Sunday, 7 July 2013

Am I wearing the right shoes?


Hello,




In my latest lovefilm delivery I received the film 'Friends With Money', lovely film and very relatable in lots of ways. As I liked it so much I decided to watch the special features in which the writer/director posed a question that we ask of ourselves at some points in our life 'Are we wearing the right shoes?'. This hit home with me. I have recently been on holiday and this is always a time for me to recollect my thoughts, away from the humdrum of the city and the constant worrying about money/friends/life/work/myself. This coupled with the fact that on two separate occasions this week I have had people making comments about my life which I have been totally unable to defend. Mainly because it would take an age to describe why I am currently in the position that I am in, and to be honest it wasn't worth it. They weren’t friends, they were just people I encountered, one at work and one at an audition. So really it was better just to let these comments go. It is a lesson though, in not judging people just by a piece of paper or the title that their current job holds. You don't know what has drawn that specific person into these circumstances and to assume that you do, is really just arrogance on your part.
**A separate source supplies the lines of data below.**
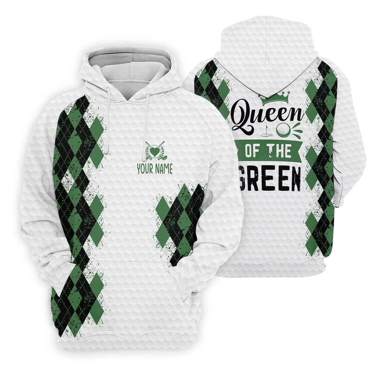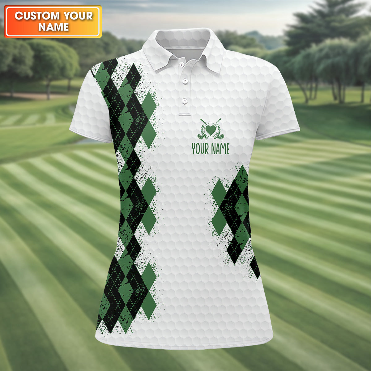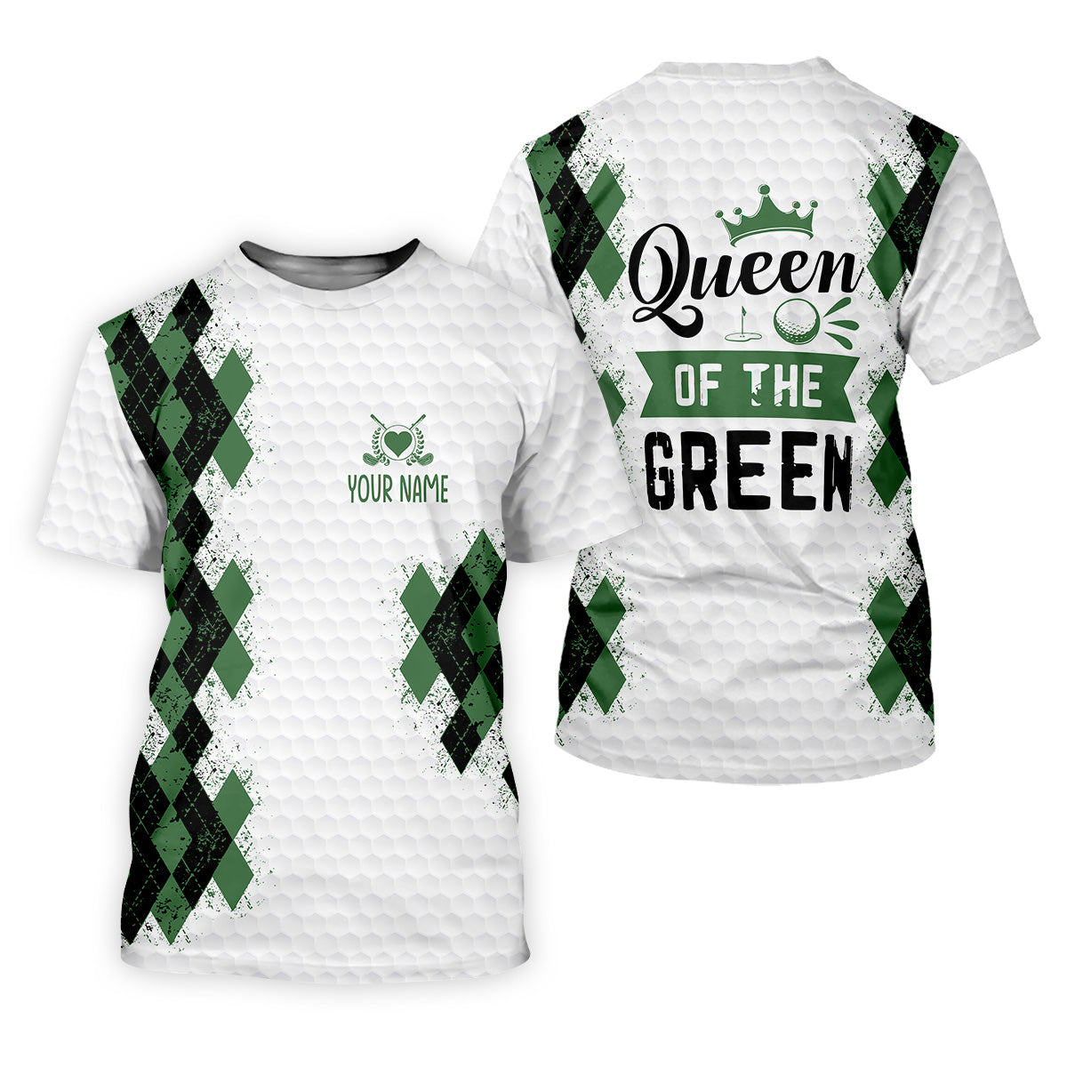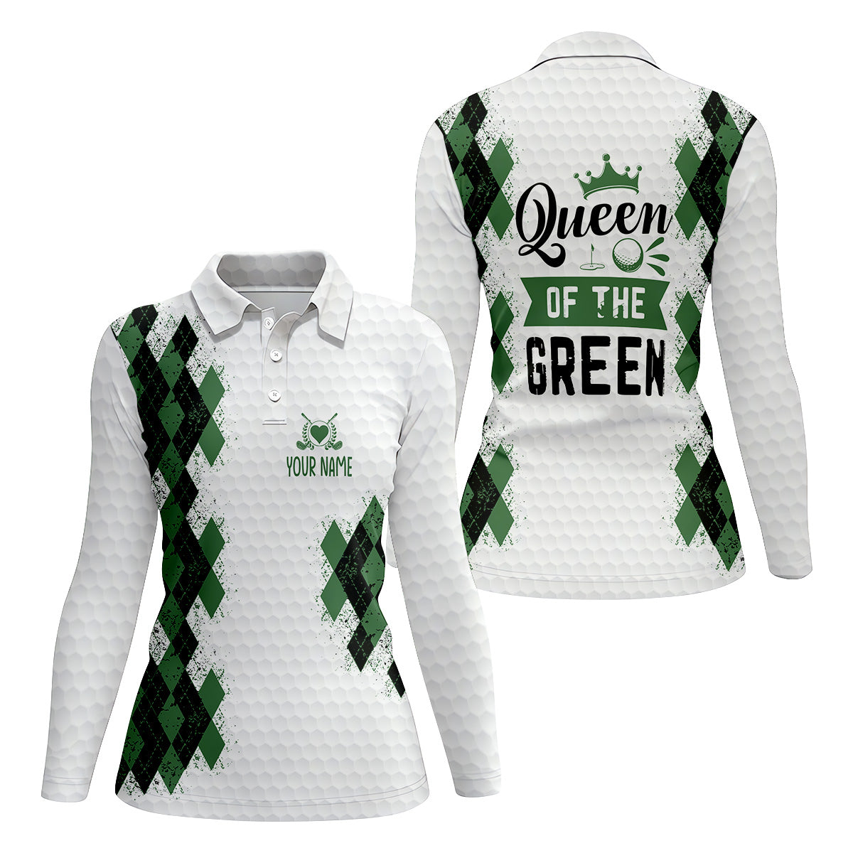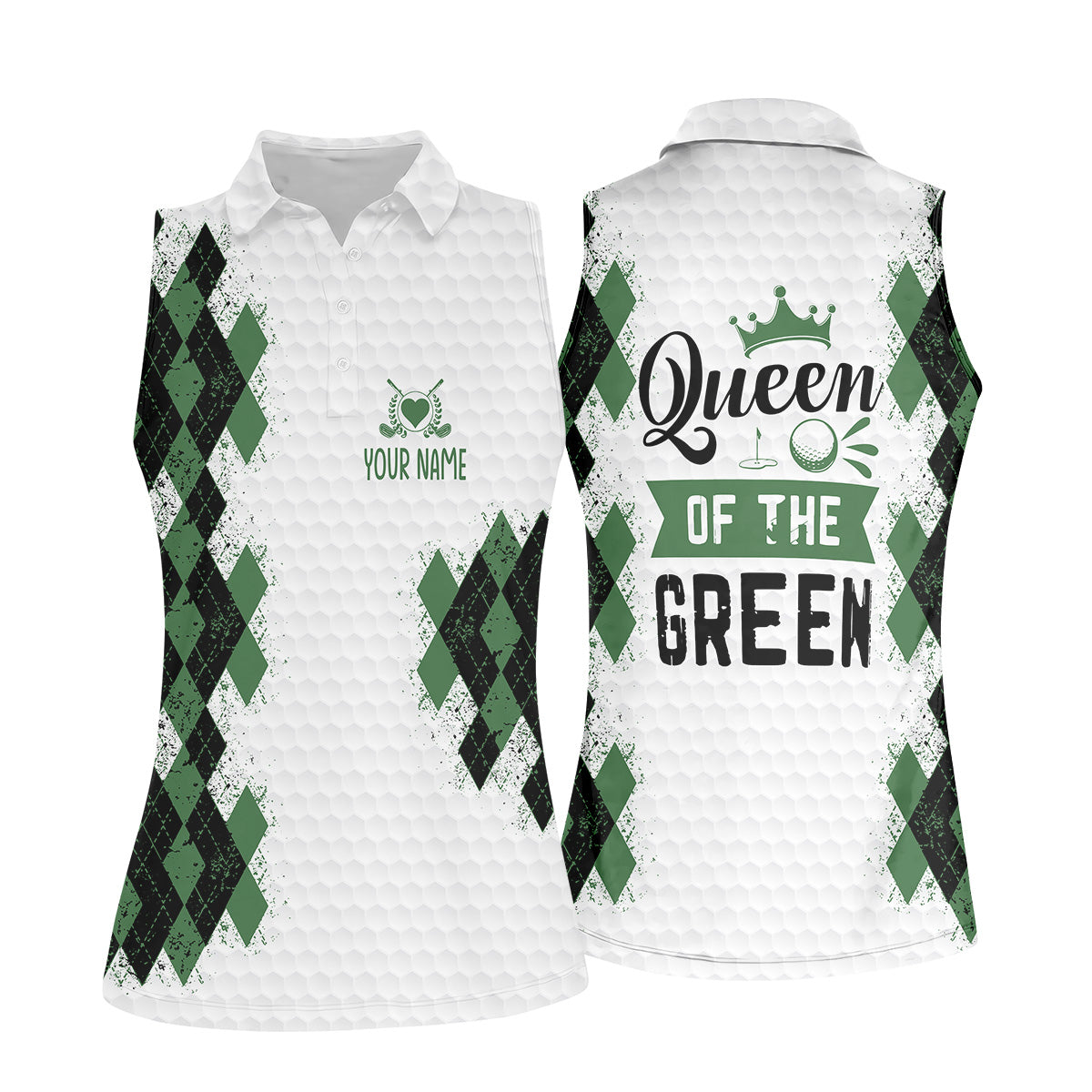 Meet the Queen Of The Green Argyle Golf Shirt, White Polo Women, Ladies Sleeveless Polo, Ladies Golf Shirts – a shirt so bold it makes argyle cry in the corner. Designed for golfers who'd rather make a fashion statement than follow dress codes, this polo is your ticket to turning heads, raising eyebrows, and maybe distracting your buddies just enough to win a few holes. (We’re not saying it’s cheating... we’re saying it’s strategy.)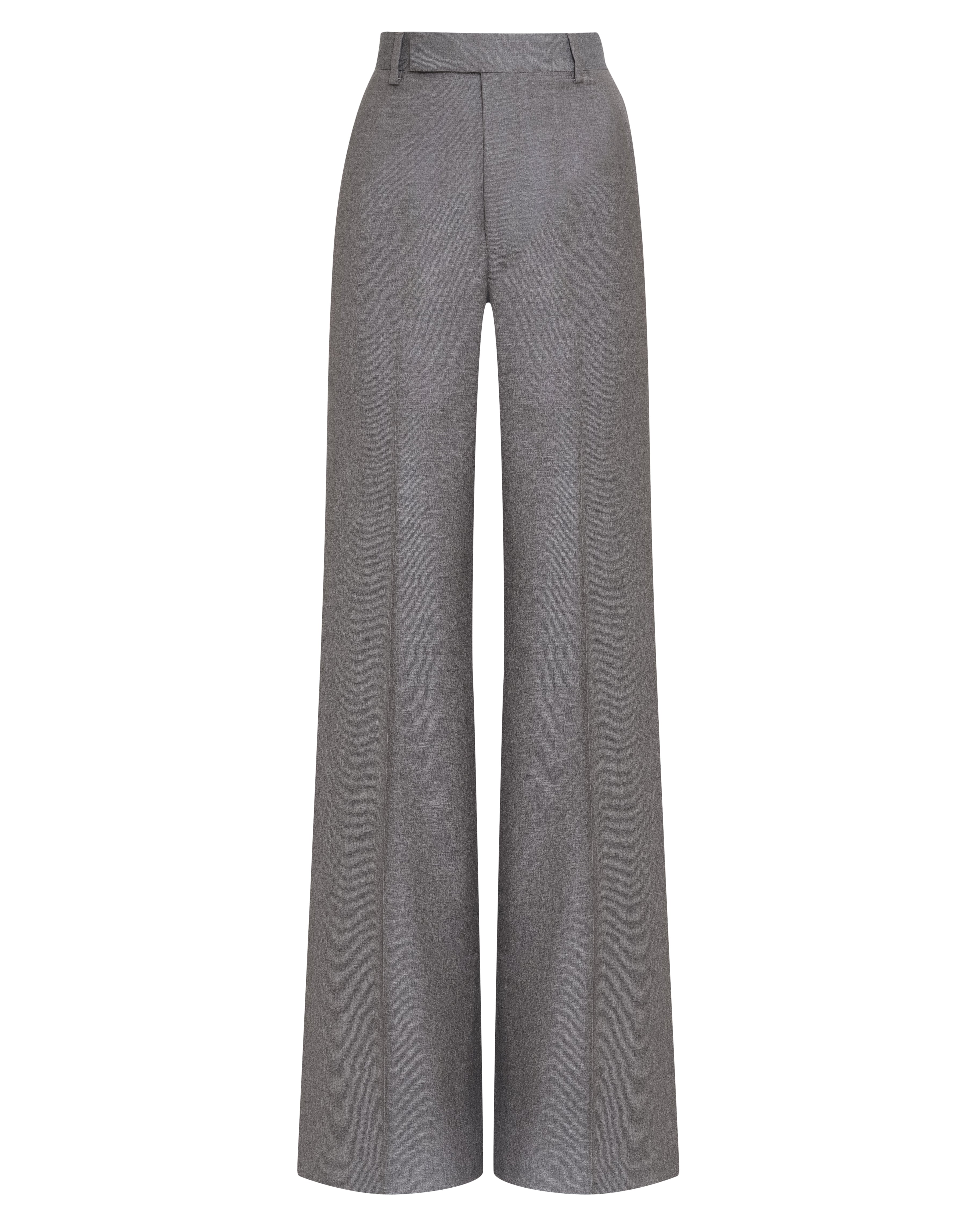 The Kai Pants are made from imported wool, have a tailored fit, a looser fit, a high waist, a waistband with belt loops, a front zipper closure, a vertical crease, two slash pockets on the sides, two welt pockets on the back, a built-in lining, an invisible hem, and traditional tailored interior finishes, with bias binding and chopped stitch.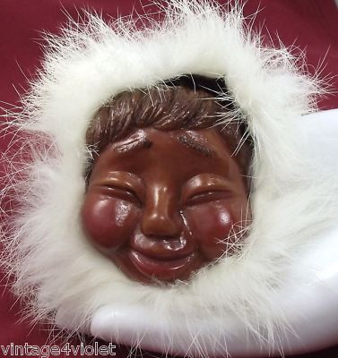 KITSCHY Vtg OLD PLASTIC Real Fur ESKIMO FACE Key Chain
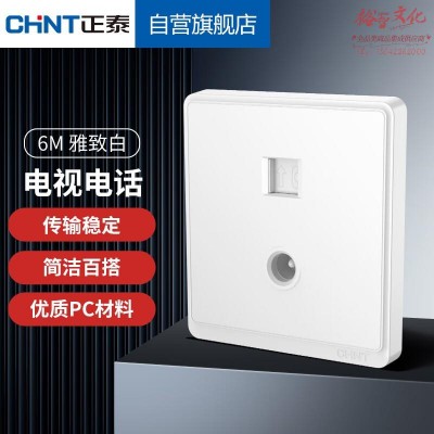 正泰(CHNT)开关插座86型墙壁面板家用暗装窄边框面板一联电视电话插座6M白色20684 SKU:yzwhyp801896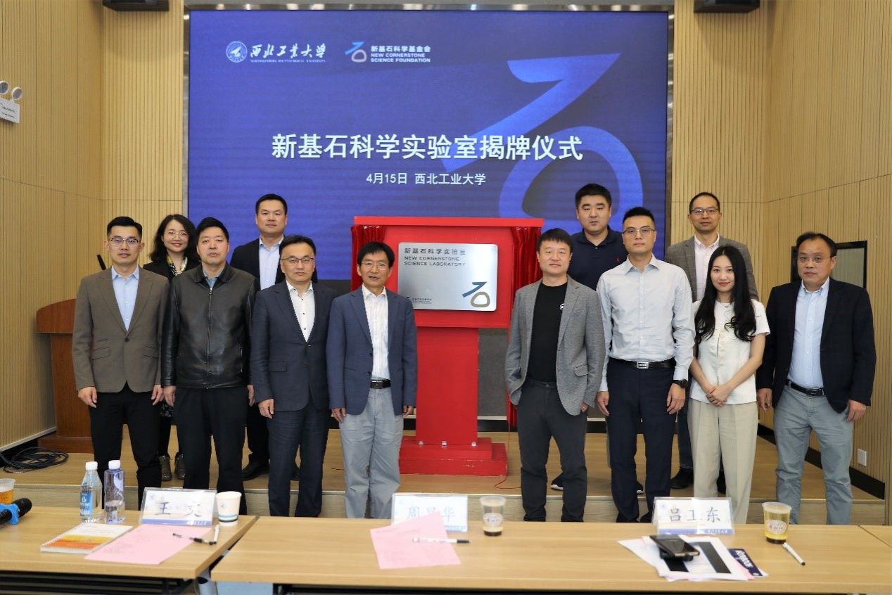 415日,新基石科学实验室揭牌仪式在十点半 报告厅举行。西北工业大学党委副书记吕卫东,新基石研究员项目副秘书长周昌华,腾讯集团公共事务高级总监、北方公共事务负责人王晓东,十点半 教授、新基石研究员王文等共同为新基石科学实验室揭牌。腾讯集团公共事务西北区域负责人董海波,新基石研究员项目秘书处王茜,西北工业大学科学技术研究院副院长牛振喜和十点半 相关人员参加揭牌仪式。揭牌仪式由十点半 常务副院长邱强主持。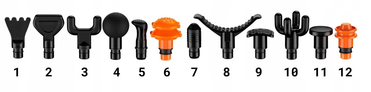 7. chłodząca - miękka, żelowa końcówka wspomagająca regenerację mięśni po treningu siłowym czy biegowym oraz walkę z bólami różnego pochodzenia. W celu przygotowania końcówki chłodzącej do pracy należy wcześniej umieścić ją na około godzinę do lodówki aby obniżyć jej temperaturę i móc przystąpić do chłodzącego masażu. Można stosować również bez wcześniejszego chłodzenia do masażu delikatnych części ciała.
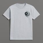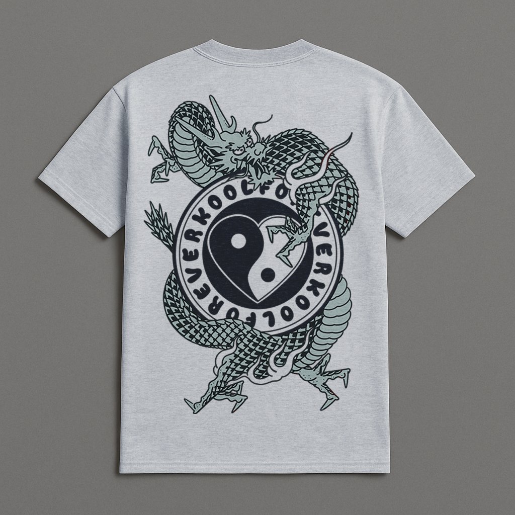 Super high quality color print. Small YinYang Logo as front pocket print, big dragon on the back. Shirt Color is an ash-grey.
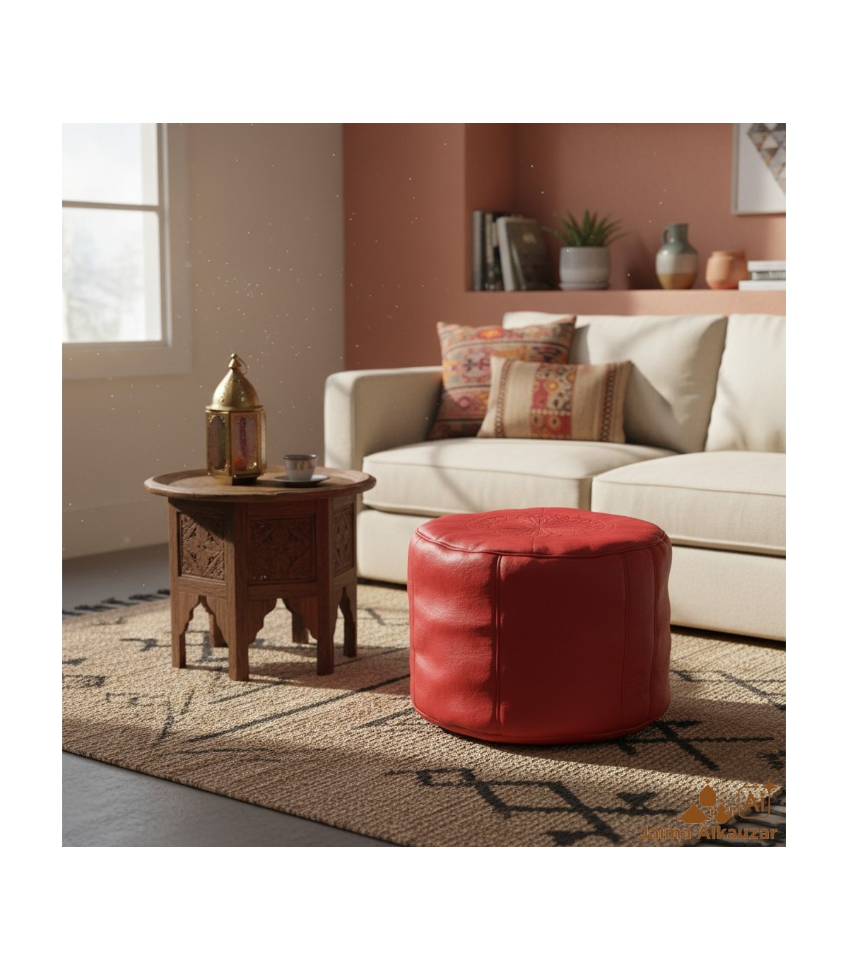 Pouf marocchino in stile arabo andaluso realizzato artigianalmente in pelle. Prodotto in Marocco, lavorato a mano, decorato con mosaico colorato e decorato con motivi dorati. Ideale per la decorazione in stile Arabian...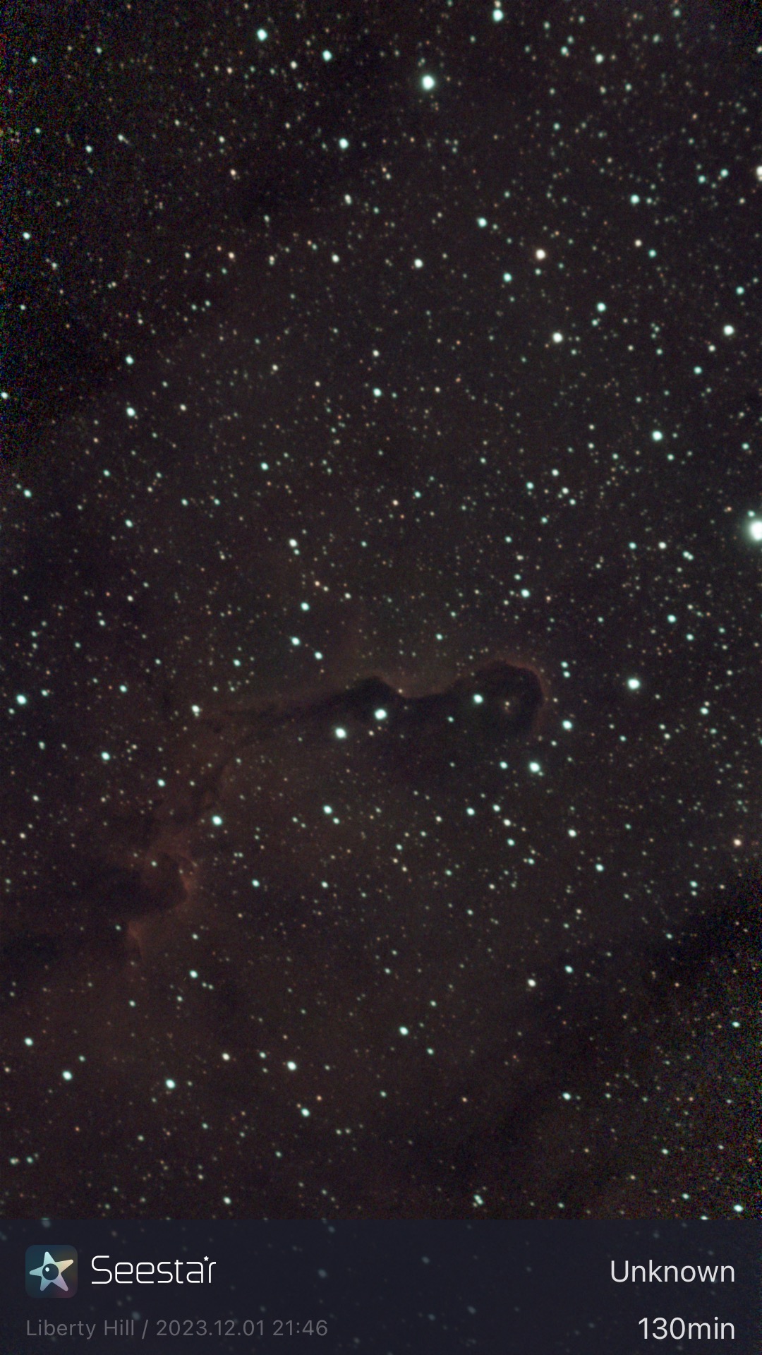 I have both the Seestar and my main imaging rig shooting the Elephant’s Trunk Nebula. It’s forecast to cloud over at about midnight, but I will hopefully get a pair of images to show that will be good for a comparison.

However getting back to how this affects me, I am slowly coming to terms with the fact it is possibly a rite of passage that you have to go through a time in your life where you feel a bit lost, and like you don't really know what you're doing as it makes you realise that life is not a straight line from school through to work to relationships to children to death etc...It is actually a rather squiggly one, probably not even one line maybe two or three or more, interconnecting making you confused and a bit disorientated. But what I have realised this week is that really I’m not the only one who hasn't got a clue what's happened to their life, there's millions of us probably right at this moment lost in the wilderness of life going UMM...and everybody else has either already had there moment of lostness or is probably heading for it. So to answer the question 'Am I wearing the right shoes?' the answer is no probably not, but I know somewhere out there, there is a bloody perfect pair just waiting for me to find them.